The treatment of paraspinal and spinal metastases with spinal radiosurgery represents a natural extension of the principles of intracranial stereotactic radiosurgery. However, spinal radiosurgery is a far more complicated process than intracranial radiosurgery. Larger treatment volumes, numerous organs at risk, and the inability to utilize rigid, frame-based immobilization all contribute to the substantially more complex process of spinal radiosurgery.
Beyond the convenience of a shorter duration of treatment for the patient, spinal radiosurgery affords a greater biological equivalent dose to a metastatic lesion than conventional radiotherapy fractionation schemes. This appears to translate into a high rate of tumor control and fast pain relief for patients. The minimally invasive nature of this approach is consistent with trends in open spinal surgery and helps to maintain or improve a patient's quality of life. Spinal radiosurgery has expanded the neurosurgical treatment armamentarium for patients with spinal and paraspinal metastasis.
Spinal radiosurgery is not considered in the domain of traditional Gamma Knife radiosurgery (GKRS) setup. The major obstacles in GKRS for upper cervical spine lesions remain in difficulty of frame fixation, avoiding collision and maintaining the integrity of the relative position of the lesion from image acquisition to treatment.
The supraorbital margin remains the standard lowest fixation point for Leksell stereotactic system.
Tripathi et al., describe fixation at the maxilla to target and treat upper cervical spine lesions (up to C3 vertebra) with measures to ensure cervical immobilisation and precision of the GKRS treatment.
They have treated two patients at the upper cervical spine up to C3 vertebra by fixing anterior pillars of the Leksell stereotactic frame at the maxilla. To ensure cervical immobilisation and precision of treatment, the neck was immobilised with a Philadelphia collar. The relative position between the head and sternum with the couch from image acquisition to the radiation delivery was kept constant. Docking angle was kept neutral (90 degrees) throughout the treatment (from image acquisition to actual treatment).
The maxilla is a potential alternative for stereotactic frame fixation. Measures to ensure cervical immobilisation with lower-down frame position permits treatment of lesions as low as C3 vertebra 1).

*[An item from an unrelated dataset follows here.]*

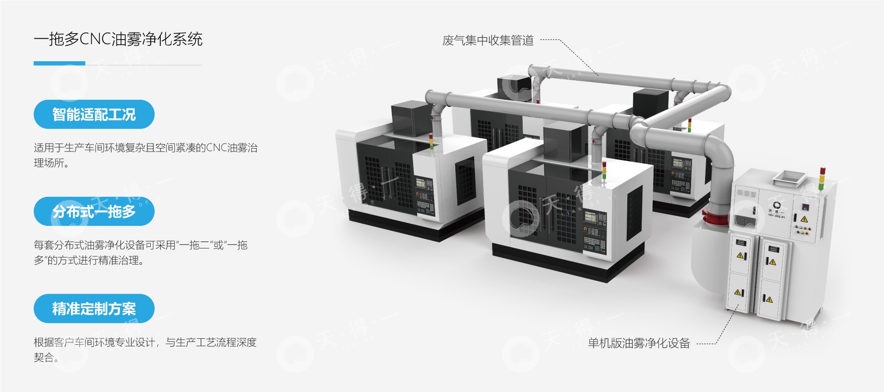 针对此类复杂废气工况,可采用我司“一拖多CNC油雾治理系统”,该系统的优势在于可根据机台摆放位置、车间高度等情况,进行精准的区域化分布式治理,每套分布式净化设备可采用 “一拖二” 或 “一拖多” 的灵活方式,对 CNC 设备产生的油雾进行精准高效治理。

Local therapy to spine tumors has been shown to be effective in selected cases. Spinal radiosurgery (SRS) is an evolving radiotherapy regimen allowing for noninvasive, highly efficacious local treatment. The learning curve can compromise the results of any newly employed technology and should be studied to minimize its effects. In this paper the first 100 SRSs performed at several medical centers are presented and analyzed for the effects of the learning curve on outcome. METHODS A retrospective analysis was undertaken to evaluate data from patients treated with SRS at Sheba Medical Center and Assuta Medical Centers in the period from September 2011 to February 2016. Medical history, clinical and neurological findings, pathological diagnoses, SRS variables, complications, and follow-up data were collected and analyzed. Local control rates were calculated, and local treatment failure cases were qualitatively studied. RESULTS One hundred treatment sessions were performed for 118 lesions at 179 spinal levels in 80 patients. The complication rate was low and did not correlate with a learning curve. Mean follow-up time was 302 days, and the overall local control rate was 95%. The local control rate was dose dependent and increased from 87% (among 35 patients receiving a dose of 16 Gy) to 97% (among 65 patients receiving a dose of 18 Gy). The 6 treatment failure cases are discussed in detail. CONCLUSIONS Spinal radiosurgery is a safe and effective treatment. Comprehensive education of the treating team and continuous communication are essential to limit the effects of the learning curve on outcome 2).